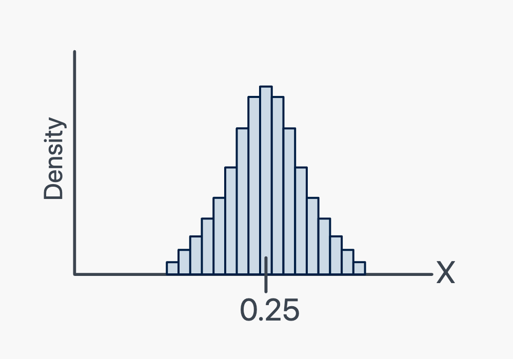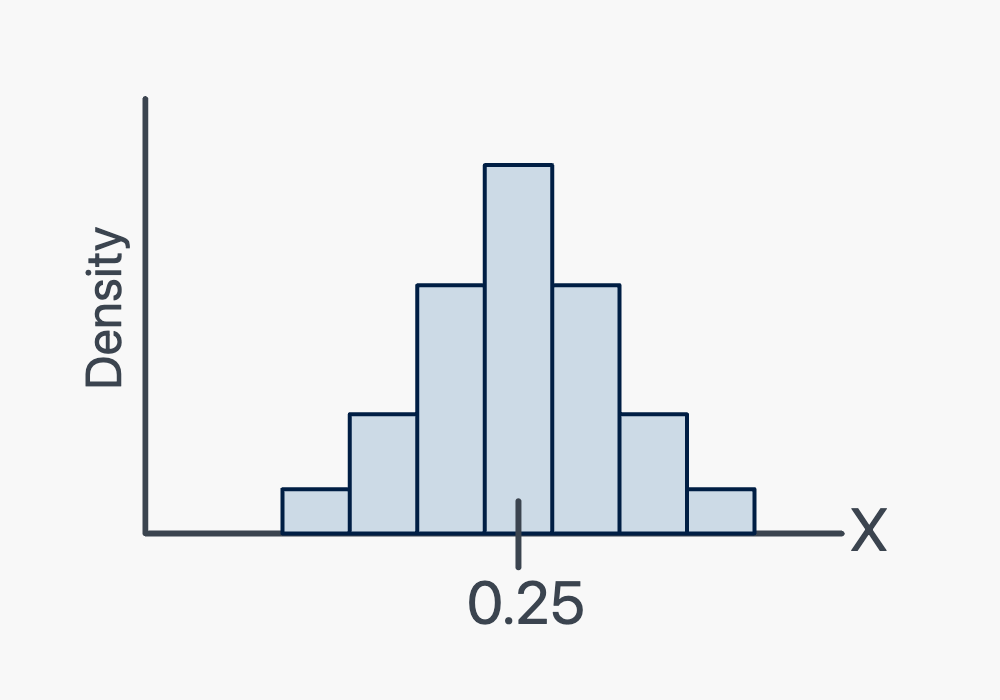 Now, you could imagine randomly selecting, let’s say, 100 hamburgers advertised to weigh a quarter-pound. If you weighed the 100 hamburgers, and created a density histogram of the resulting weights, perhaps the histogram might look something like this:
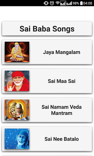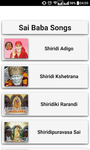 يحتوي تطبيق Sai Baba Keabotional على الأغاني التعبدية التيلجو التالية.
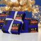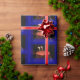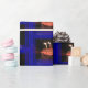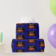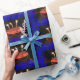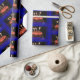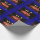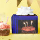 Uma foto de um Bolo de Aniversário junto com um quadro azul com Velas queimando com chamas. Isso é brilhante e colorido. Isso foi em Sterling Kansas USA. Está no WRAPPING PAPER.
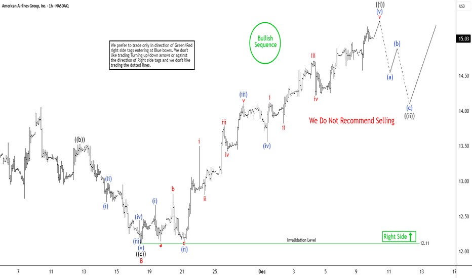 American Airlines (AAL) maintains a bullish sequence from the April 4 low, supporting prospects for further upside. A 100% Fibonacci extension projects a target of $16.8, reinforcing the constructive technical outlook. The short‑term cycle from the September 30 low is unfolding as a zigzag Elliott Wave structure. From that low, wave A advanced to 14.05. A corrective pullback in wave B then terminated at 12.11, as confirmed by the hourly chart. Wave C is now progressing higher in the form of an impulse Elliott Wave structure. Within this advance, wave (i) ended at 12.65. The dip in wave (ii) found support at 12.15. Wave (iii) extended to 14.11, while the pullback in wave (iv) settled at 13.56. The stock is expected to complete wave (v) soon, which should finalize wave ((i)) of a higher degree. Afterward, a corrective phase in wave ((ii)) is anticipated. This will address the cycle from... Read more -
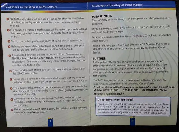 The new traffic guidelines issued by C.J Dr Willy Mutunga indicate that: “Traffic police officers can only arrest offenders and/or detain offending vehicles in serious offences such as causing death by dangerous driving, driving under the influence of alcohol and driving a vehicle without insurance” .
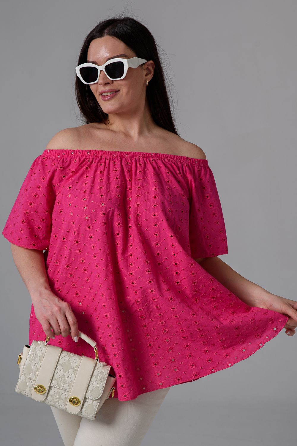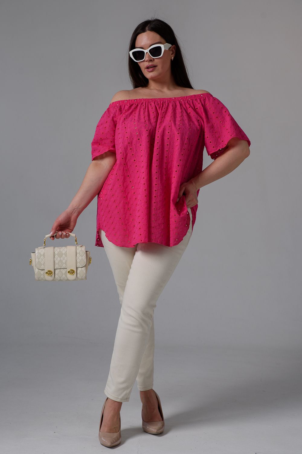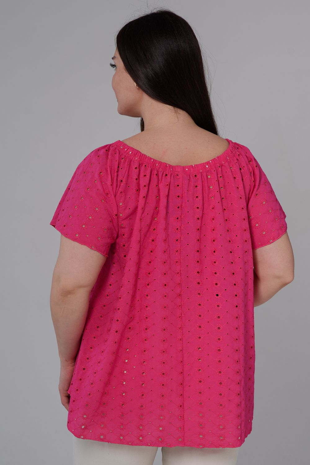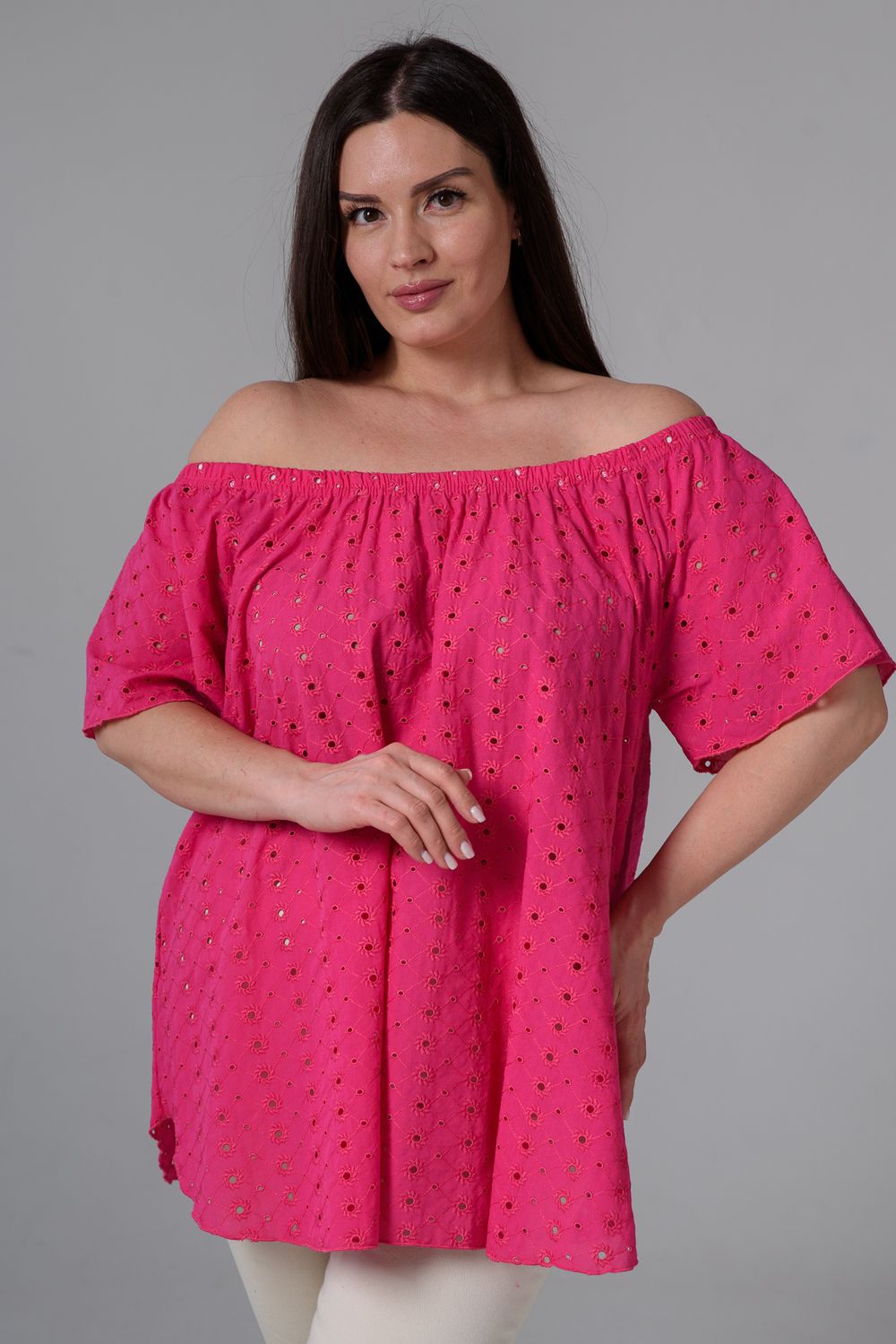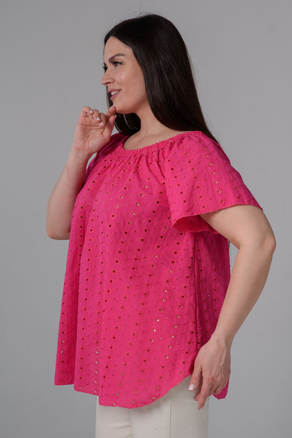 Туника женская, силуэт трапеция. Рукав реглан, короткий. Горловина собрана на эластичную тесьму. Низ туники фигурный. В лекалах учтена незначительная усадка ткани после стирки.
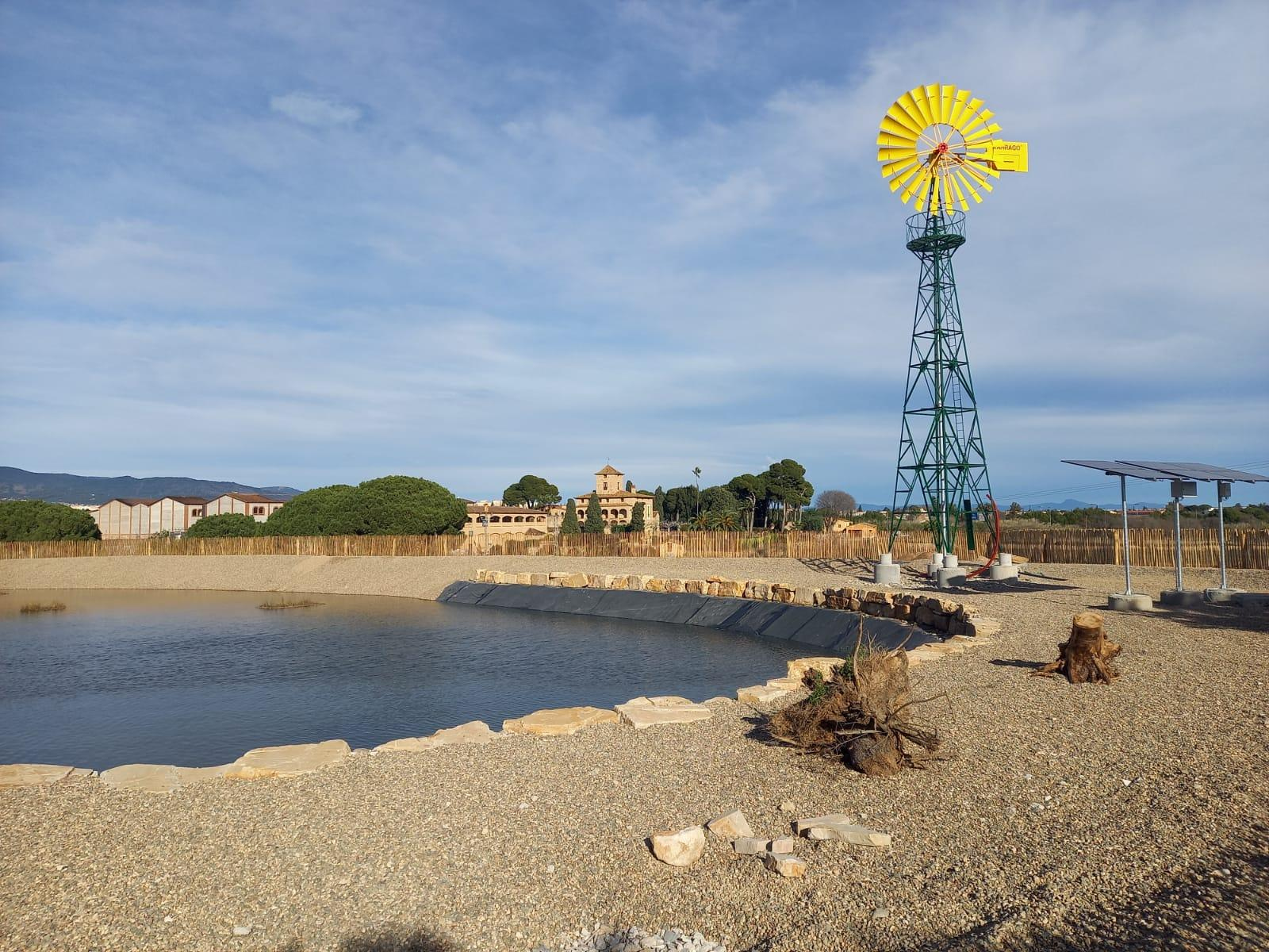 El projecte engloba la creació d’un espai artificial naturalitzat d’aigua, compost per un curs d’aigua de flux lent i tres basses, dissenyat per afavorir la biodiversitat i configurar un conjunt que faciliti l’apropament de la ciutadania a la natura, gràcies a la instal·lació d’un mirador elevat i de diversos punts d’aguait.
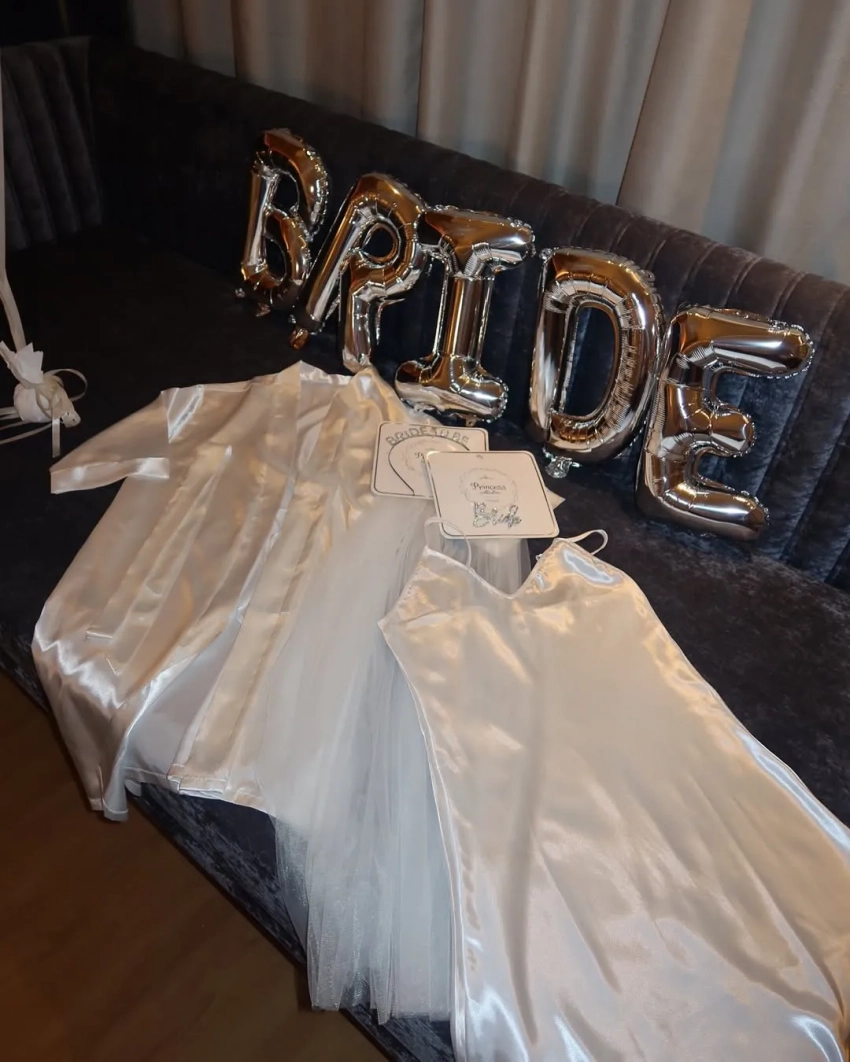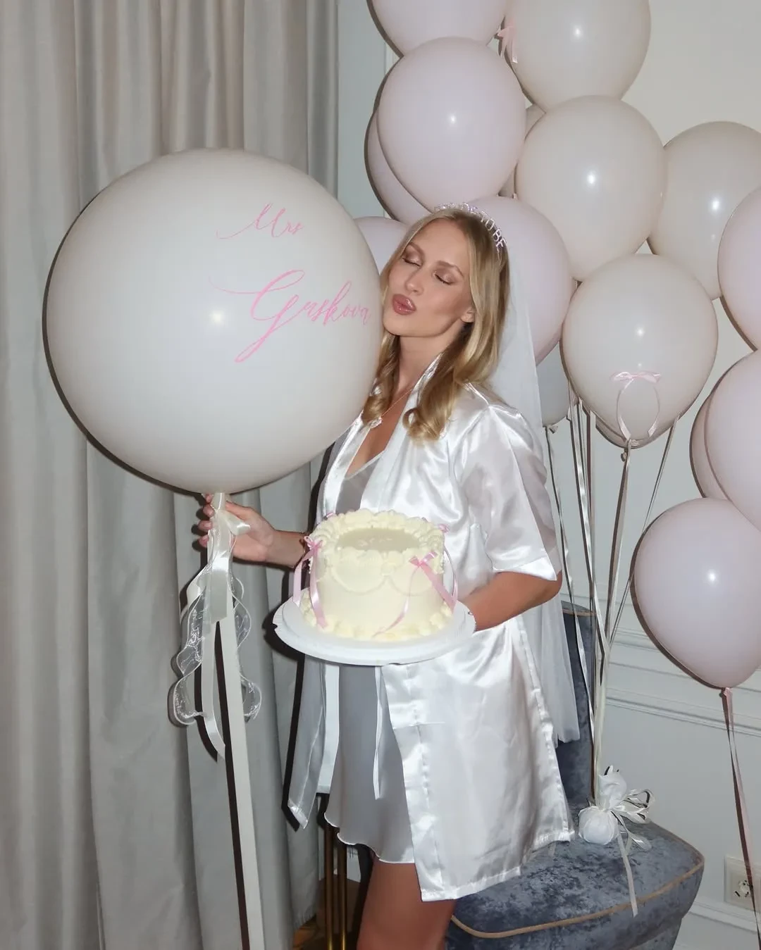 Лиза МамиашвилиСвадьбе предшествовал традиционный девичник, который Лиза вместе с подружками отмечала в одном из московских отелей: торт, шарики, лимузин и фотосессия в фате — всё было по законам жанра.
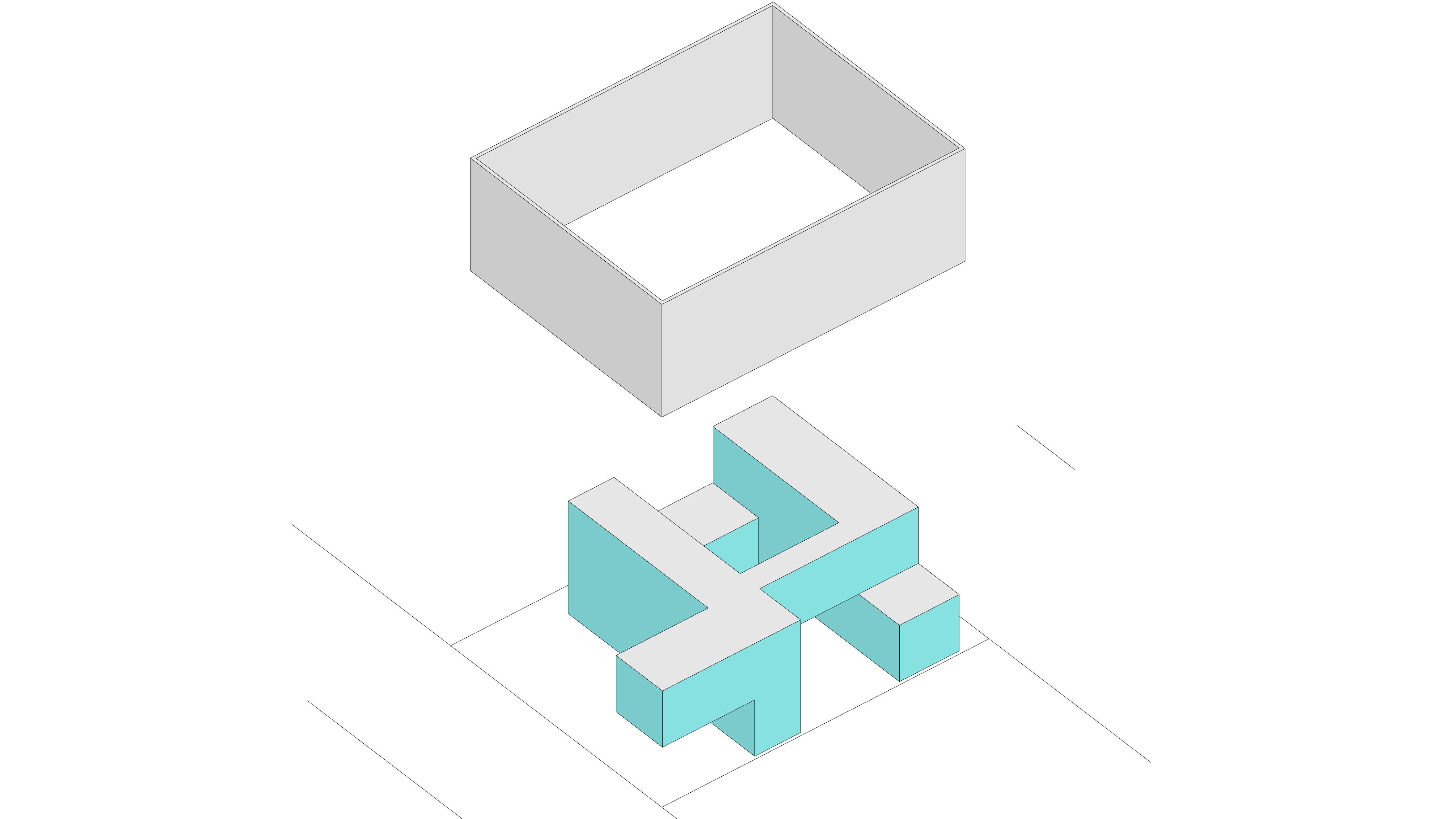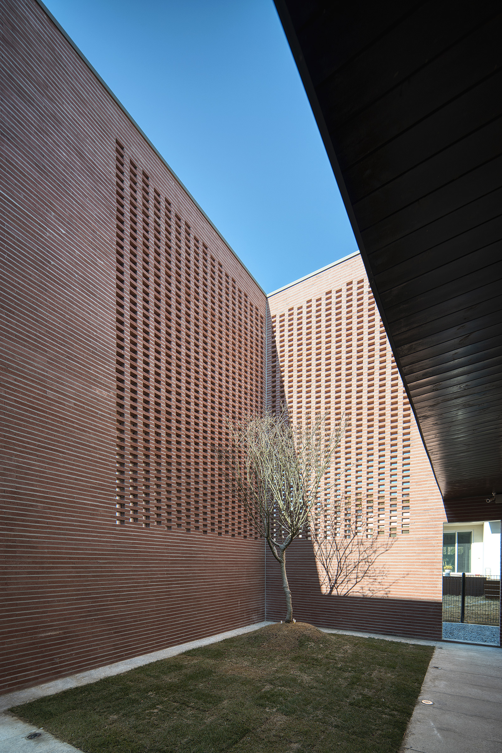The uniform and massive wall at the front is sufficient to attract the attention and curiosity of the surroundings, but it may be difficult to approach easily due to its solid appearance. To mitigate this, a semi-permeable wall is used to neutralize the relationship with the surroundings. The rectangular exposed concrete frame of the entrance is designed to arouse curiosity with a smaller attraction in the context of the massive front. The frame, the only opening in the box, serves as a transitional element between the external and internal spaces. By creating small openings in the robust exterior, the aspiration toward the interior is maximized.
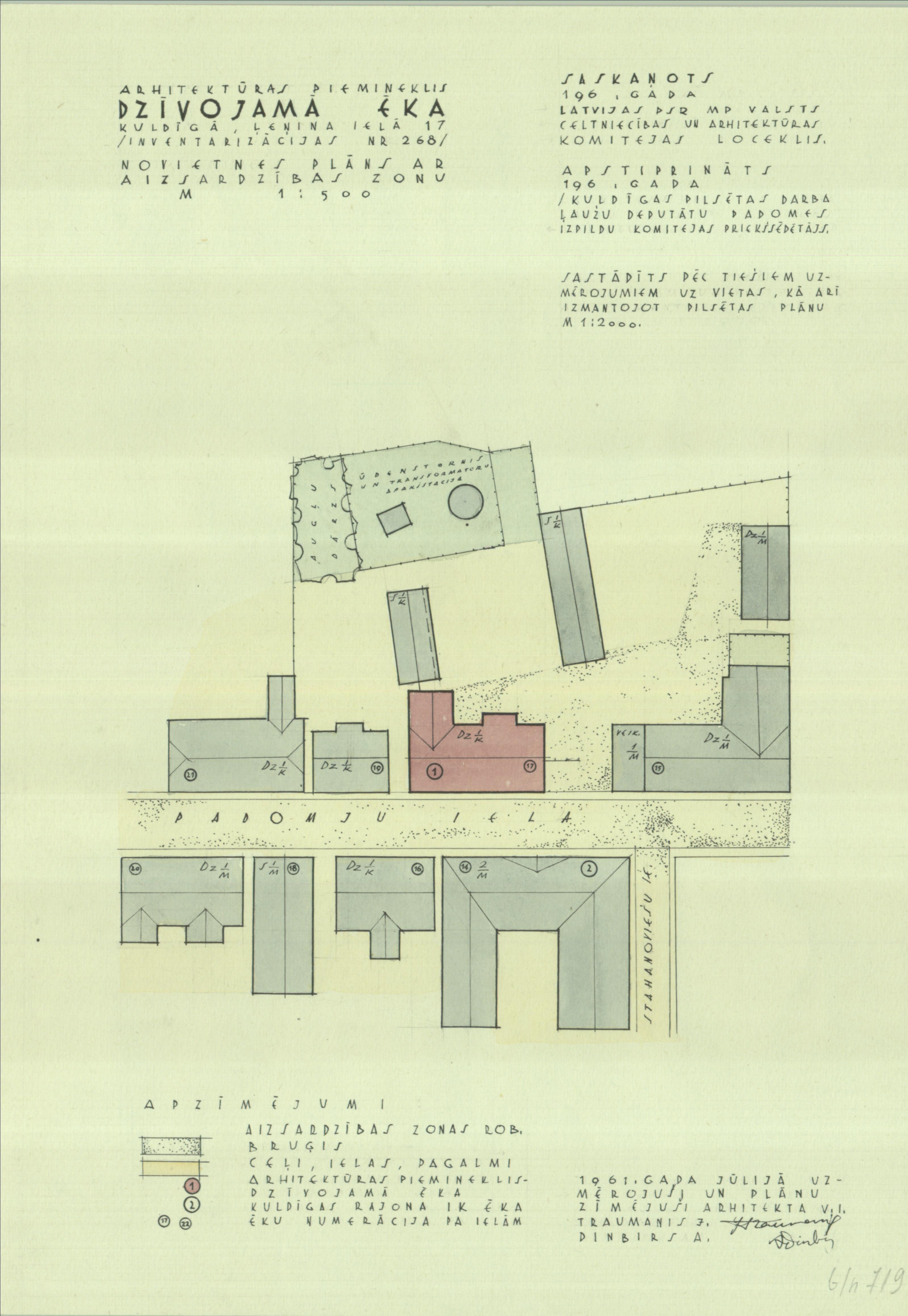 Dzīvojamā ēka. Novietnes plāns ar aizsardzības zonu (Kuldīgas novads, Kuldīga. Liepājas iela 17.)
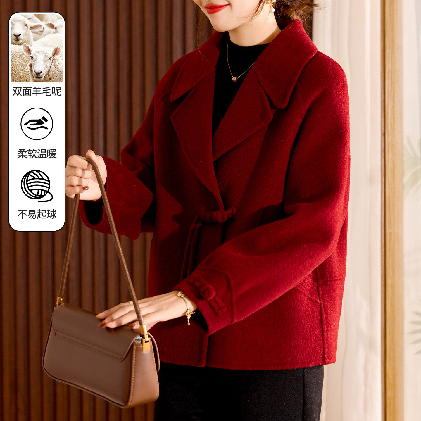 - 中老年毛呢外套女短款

##########

WHAT THE TASK ASKS
In the listing above, find the line with "El projecte engloba" and the line with "Лиза МамиашвилиСвадьбе предшествовал". Output both, plus every line between them, and no pictures.

RESPONSE BOX
 El projecte engloba la creació d’un espai artificial naturalitzat d’aigua, compost per un curs d’aigua de flux lent i tres basses, dissenyat per afavorir la biodiversitat i configurar un conjunt que faciliti l’apropament de la ciutadania a la natura, gràcies a la instal·lació d’un mirador elevat i de diversos punts d’aguait.
 Лиза МамиашвилиСвадьбе предшествовал традиционный девичник, который Лиза вместе с подружками отмечала в одном из московских отелей: торт, шарики, лимузин и фотосессия в фате — всё было по законам жанра.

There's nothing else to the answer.